GOP field running against the media

GOP field running against the media

Media coverage of conservatives is again in the spotlight, with the furor over the treatment of presidential candidate Rep. Michele BachmannMichele Marie BachmannBoehner says he voted for Trump, didn't push back on election claims because he's retired Boehner: Trump 'stepped all over their loyalty' by lying to followers Boehner finally calls it as he sees it MORE (R-Minn.) on the “Late Night with Jimmy Fallon” TV show.

Fallon’s house band, The Roots, played a segment of Fishbone’s “Lyin’ Ass Bitch” to accompany Bachmann’s stage entrance Monday night. Bachmann was unaware of the musical reference at the time, but later described the incident as “an outrage” and “clearly a form of bias on the part of the Hollywood entertainment elite.”


Fallon apologized for the incident via Twitter.

The controversy is the latest in a series of contentious media episodes that have marked the GOP presidential race, from a June Newsweek cover of a heavily photo-shopped Mitt Romney bearing the headline “The Mormon Moment” to the recent coverage of allegations of sexual harassment against Herman Cain.

A number of GOP hopefuls — Bachmann, Cain and former House Speaker Newt Gingrich prominent among them — have responded with head-on attacks on the media. The attacks may be sincere but, experts say, they also have the advantage of having an electoral appeal, at least to the Republican electorate.

“You never lost a vote in a Republican primary by attacking the media,” Robert Lichter, the director of the Center for Media and Public Affairs at George Mason University told The Hill.

This idea is backed up by polls that show significant public sympathy with the idea that the news media is biased against conservatives.

In July, The Hill Poll conducted by Pulse Opinion Research asked about bias, and the results indicated that 46 percent of likely voters felt that the news media generally favored Democrats.

This figure outstripped by more than two-to-one the share of the electorate (22 percent) that believed Republicans were the beneficiaries of media bias.

The relationship between candidates and the media is an unavoidably complex one, however.
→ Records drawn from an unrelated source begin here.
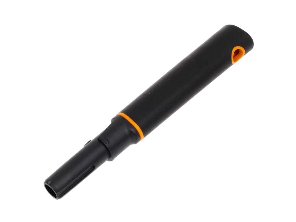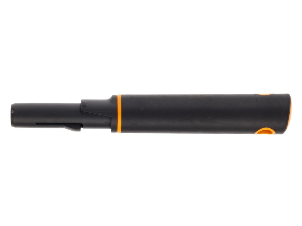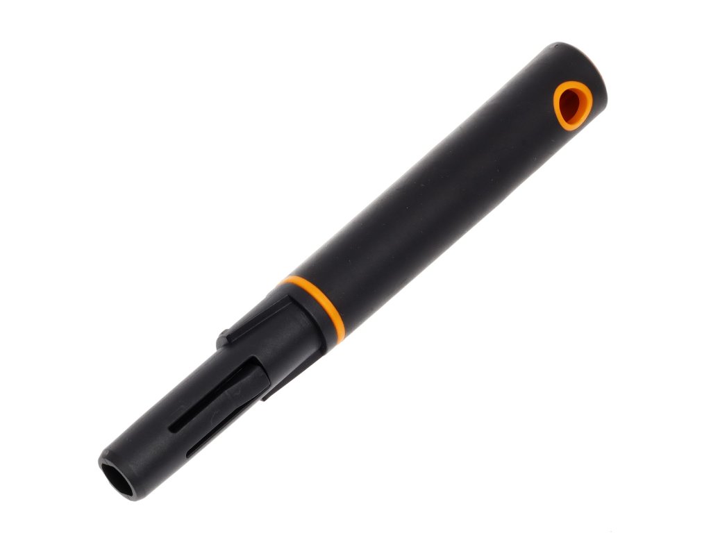 Ručka grablje izrađena od kaljenog aluminija obložena je ugodnom mekom plastikom. Ima patentirani mehanizam za brzo pričvršćivanje priključaka. Sustav QuikFit omogućuje kombiniranje različitih vrtnih alata s jednom ručkom. Ručka ima viseću petlju za jednostavno skladištenje. Širina: 32 mm, duljina: 234 mm, težina: 95 g. Izvorni Fiskars broj: 136012. Oznaka: (S)
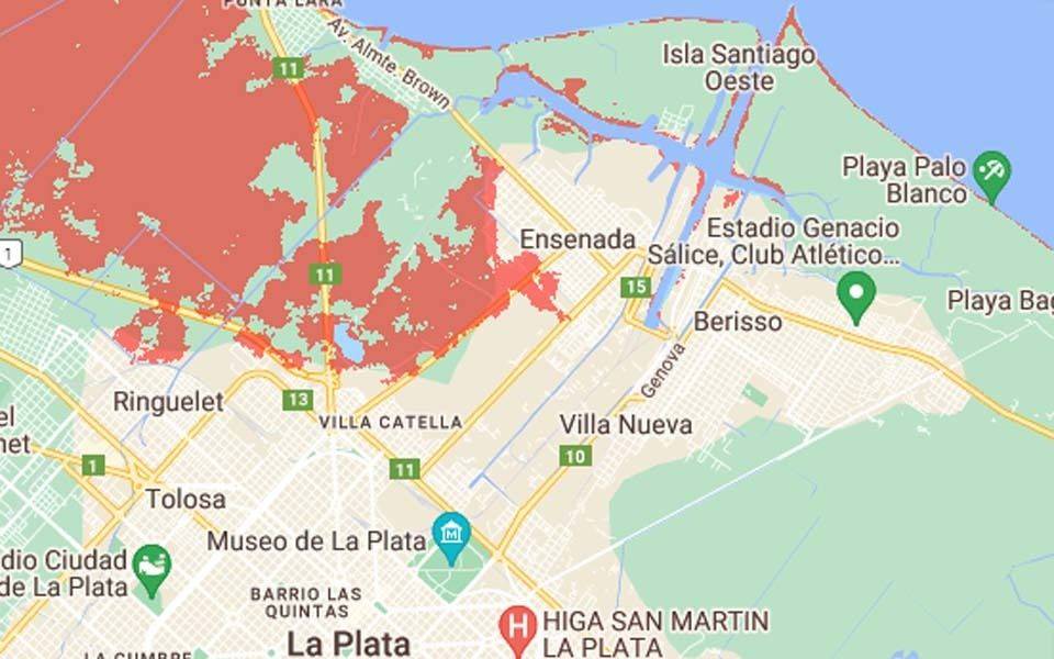 El mapa, creado por Climate Central, permite ver los efectos que el crecimiento del nivel de los océanos tendrían en el mundo, y muestran el alcance de las aguas sobre la costa de la provincia, y sobre todo Berisso, Punta Lara, Berazategui, Quilmes, Avellaneda y la Ciudad de Buenos Aires.
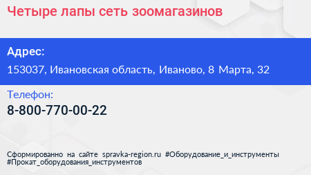 Четыре лапы, сеть зоомагазинов по адресу 153037, Ивановская область, Иваново, 8 Марта, 32 в дальнейшем Организация, размещена в следующих категориях:

In this year’s race it seems undeniable that candidates have been more prone to lash out at the media when lagging in the polls, and less likely to do so when riding high.

Bachmann’s response to the Fallon flap, for instance, was in marked contrast to her campaign’s more subdued reaction to a controversial August Newsweek cover which featured an unflattering photo of the candidate above the headline “Queen of Rage.”

At the time, Bachmann was riding high before Iowa’s Ames straw poll, which she subsequently won. When told about the Newsweek cover by an audience member at an event, Bachmann mildly replied, “We’ll have to take a look at that, won’t we?” A campaign spokeswoman later declined to discuss the issue with reporters.

Moving along an opposite trajectory, former House Speaker Newt Gingrich spent much of his time in early debates complaining about the media, lambasting “Mickey Mouse games” and “gotcha questions.” At a recent CNBC debate in Michigan, he got into a testy exchange with moderator Maria Bartiromo about media coverage of the economy.

Yet by last week, sitting close to the top of the polls, Gingrich was strikingly agreeable toward the panel at CNN’s National Security debate in Washington.

“Newt Gingrich is dependent upon the media, and he knows it too,” Ralph Begleiter, director of the Center for Political Communication at the University of Delaware, said. “He can complain about it, but his resurgence has happened, at least in part, because the media have printed his views and covered him.”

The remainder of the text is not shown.